In the interest of full disclosure, I should admit at the outset that I don’t have any basis for comparing anything to fraternity hazing. I wasn’t in a fraternity, so any impression of what pledges go through to join is pieced together from mediocre movies and a few observations of others during college, plus a few hints from friends who were in one. Perhaps it’s a really lovely experience, full of heartfelt chats over soothing cups of chamomile tea. However, as far as I can tell, it’s a lousy, unpleasant ordeal, meant to instill some kind of loyalty to the institution inflicting the punishment for those who make it through.
I remembered a similarly unpleasant loyalty-building exercise of my own when listening to a report about new rules for residents at Maine Medical Center the other day. The change came in response to new guidelines from the Accreditation Council for Graduate Medical Education, which governs how residencies are run.

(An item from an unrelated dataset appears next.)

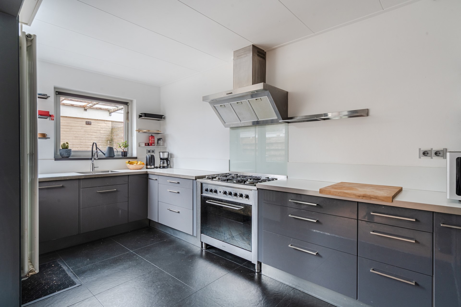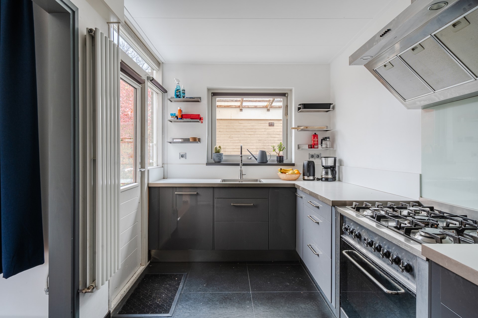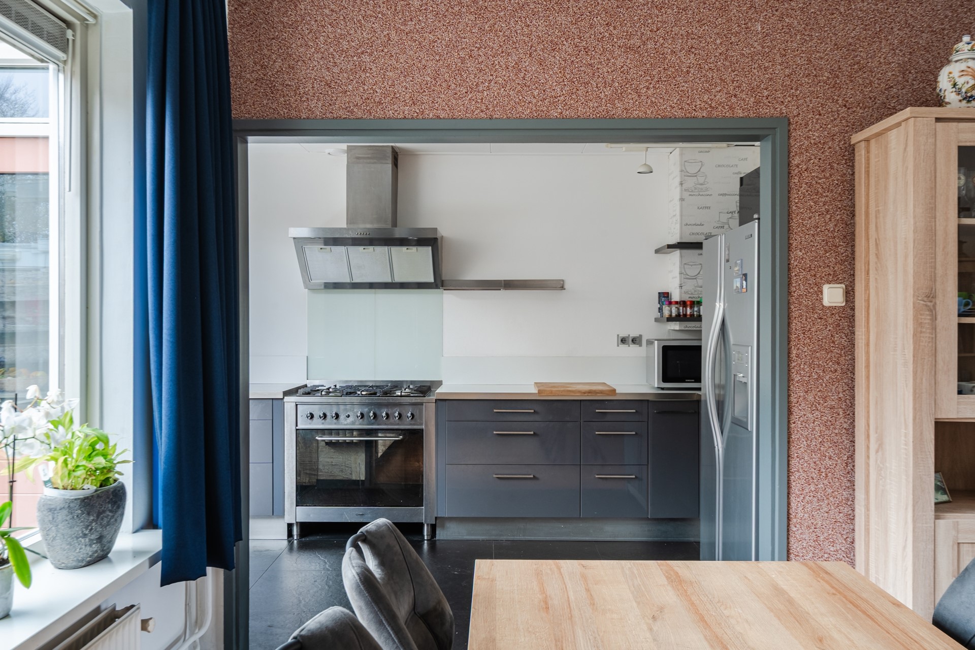 De open keuken heeft veel daglichtinval, is tuingericht in een ruime U-opstelling geplaatst met veel bruikbare werkbladruimte en voorzien van een RVS spoelbak met spoelkraan, een verplaatsbare snijplank, een 5-pits gasfornuis (Indesit en 100 cm. breed) met oven, een RVS afzuigkap, een grote Amerikaanse koel-vrieskast (Samsung), een onderbouw magnetron en een vaatwasser (vernieuwd in 2024). De keuken is verder voorzien van 2 carrouselkasten in de hoeken, een grote designradiator aan de wand en een plavuizenvloer, de kozijnen zijn voorzien van isolatieglas.

Shifts of 24 hours, with a further six hours tagged on for followup work, were not uncommon for first-year residents to endure–until now. New rules drawn up by the Accreditation Council for Graduate Medical Education have just come into effect nearly halving the maximum number of hours that medical residents in their first year can work in one shift.
Like previous years, they’ll still be working up to 80 hours a week, but no shift can be longer than 16 hours. The aim is to cut down on the number of medical errors made due to fatigue and sleep deprivation. Dr. Tom Gearan is the residency program director for internal medicine at Maine Med.
“What they’ve done is really look at changing the paradigm of residency education, where traditionally the first year of residency has been among the toughest year,” Gearan says. “So we have our least-experienced residents sometimes working the longest hours. And the ACGME really felt that the first-year residents really should be more structured and supervised when they come out of medical school, and then over the years of training that they gradually increase their hours.”
My residency was relatively benign, as far as sleep deprivation went. We had a night-float system, with one team covering the day shift and another covering nights for a week at a time. We had occasional long (24-hour+) shifts, but they were infrequent. Even so, I remember being so tired after long shifts or a particularly arduous week of nights that it felt like I was walking through pudding as I made my way home. I was well-aware that other residencies (whether for other specialties within my own hospital, or at other institutions) were much worse, and was grateful enough that mine didn’t inflict more suffering.
I’m not quite sure what I was meant to learn during those long, poorly-supervised stretches that couldn’t have been taught in a less draining manner. The real reason for the slog that is residency is two-fold. First of all, hospitals need to have physicians present at all times to deliver patient care, and residents are an inexpensive way to keeping the place staffed. This is a legitimate need, and meeting it does require longer hours than attending physicians are usually expected to put in. I’m much more iffy on the second reason, which is to instill an attitude summarized by the following exchange:
While he can see the sense in the new rules, Dr. Parker is nevertheless glad to have earned his spurs under old system. “Following in the footsteps of some of the older physicians who’ve actually done these long hours, you know I think there’s a certain pride in doing what these older physicians have done, even though the hours were very hard and challenging.”
Tom Porter: “Like a badge of honor?”
Ryan Parker: “Exactly.
In other words, hazing. Get the snot beaten out of yourself for a few years, and at the end you’re a real doctor.
To which my reply is an obscene gesture that doesn’t translate well into blog form. Suffice it to say that jeopardizing patient safety by giving bleary-eyed residents charge over complex medical decisions is a craptacular way of fostering some rarefied notion of true doctor-hood. You learn to be a doctor by being a doctor, not by achieving some feat of strength. You can’t “learn” how to function on too little rest, you can just endure it.
Every physician has to have a first day on the job. Whether those first days are particularly dangerous for patients is an open question, it seems. But first-year residents are going to be stressed enough by the demands of all that they will be expected to learn and do without expecting them to do it and learn it on insufficient sleep. “I had to make it through” is a poor rationale for continuing a dangerous practice for those that come after us.